◆ **EXERCISE INPUT**:
----
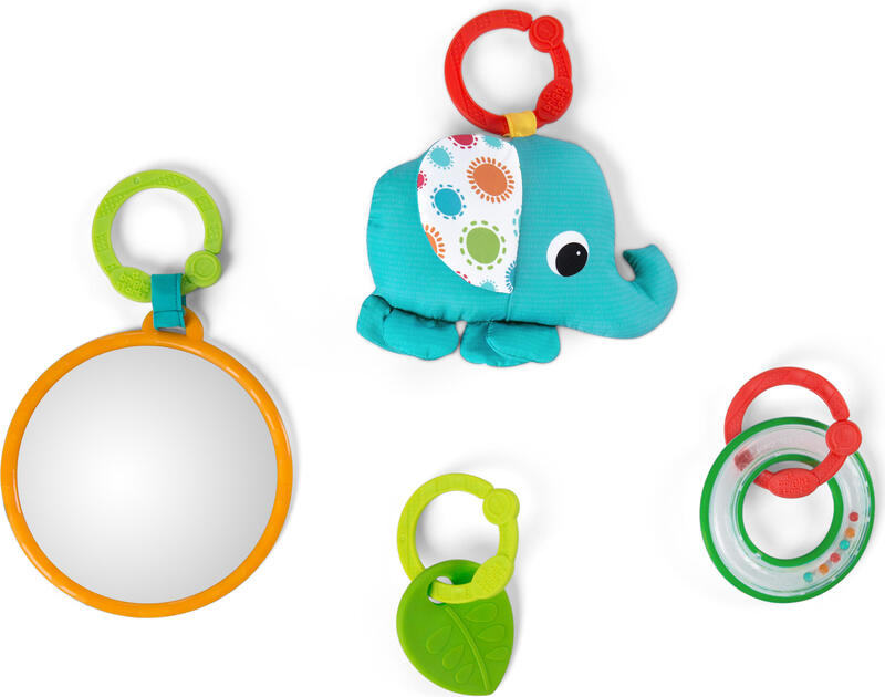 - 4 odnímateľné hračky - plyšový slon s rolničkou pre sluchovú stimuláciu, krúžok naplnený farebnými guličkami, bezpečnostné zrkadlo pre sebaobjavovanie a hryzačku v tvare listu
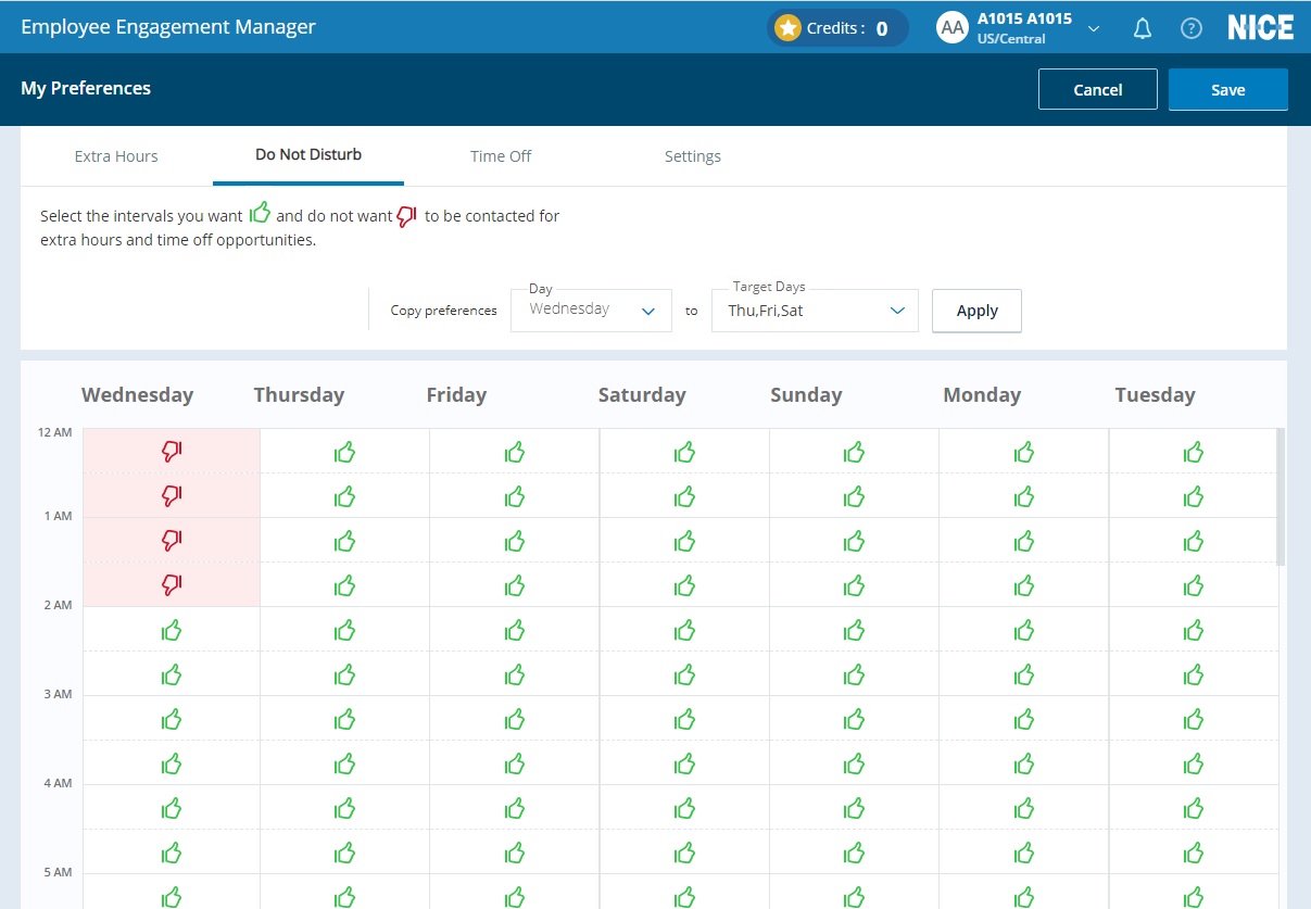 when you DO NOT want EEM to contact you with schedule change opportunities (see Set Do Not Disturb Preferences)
----
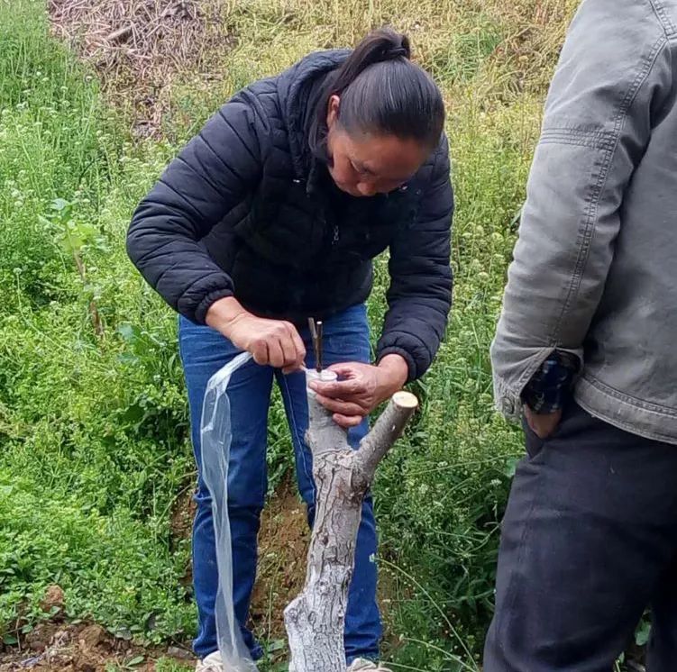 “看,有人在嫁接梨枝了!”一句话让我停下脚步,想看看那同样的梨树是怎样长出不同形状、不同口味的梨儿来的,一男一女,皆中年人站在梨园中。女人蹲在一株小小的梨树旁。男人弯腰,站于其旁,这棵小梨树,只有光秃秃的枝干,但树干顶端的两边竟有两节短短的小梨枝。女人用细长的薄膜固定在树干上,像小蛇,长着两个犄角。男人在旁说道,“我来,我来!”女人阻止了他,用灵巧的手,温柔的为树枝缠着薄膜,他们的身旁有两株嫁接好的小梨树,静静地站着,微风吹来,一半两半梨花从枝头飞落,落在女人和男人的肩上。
----
◆ **THE PROBLEM**: Only the lines above starting with the line with "- 4 odnímateľné" and going on through the line with "when you DO" belong in the answer; repeat them exactly, minus any picture.

◆ **SOLUTION TO THIS TASK**:
 - 4 odnímateľné hračky - plyšový slon s rolničkou pre sluchovú stimuláciu, krúžok naplnený farebnými guličkami, bezpečnostné zrkadlo pre sebaobjavovanie a hryzačku v tvare listu
 when you DO NOT want EEM to contact you with schedule change opportunities (see Set Do Not Disturb Preferences)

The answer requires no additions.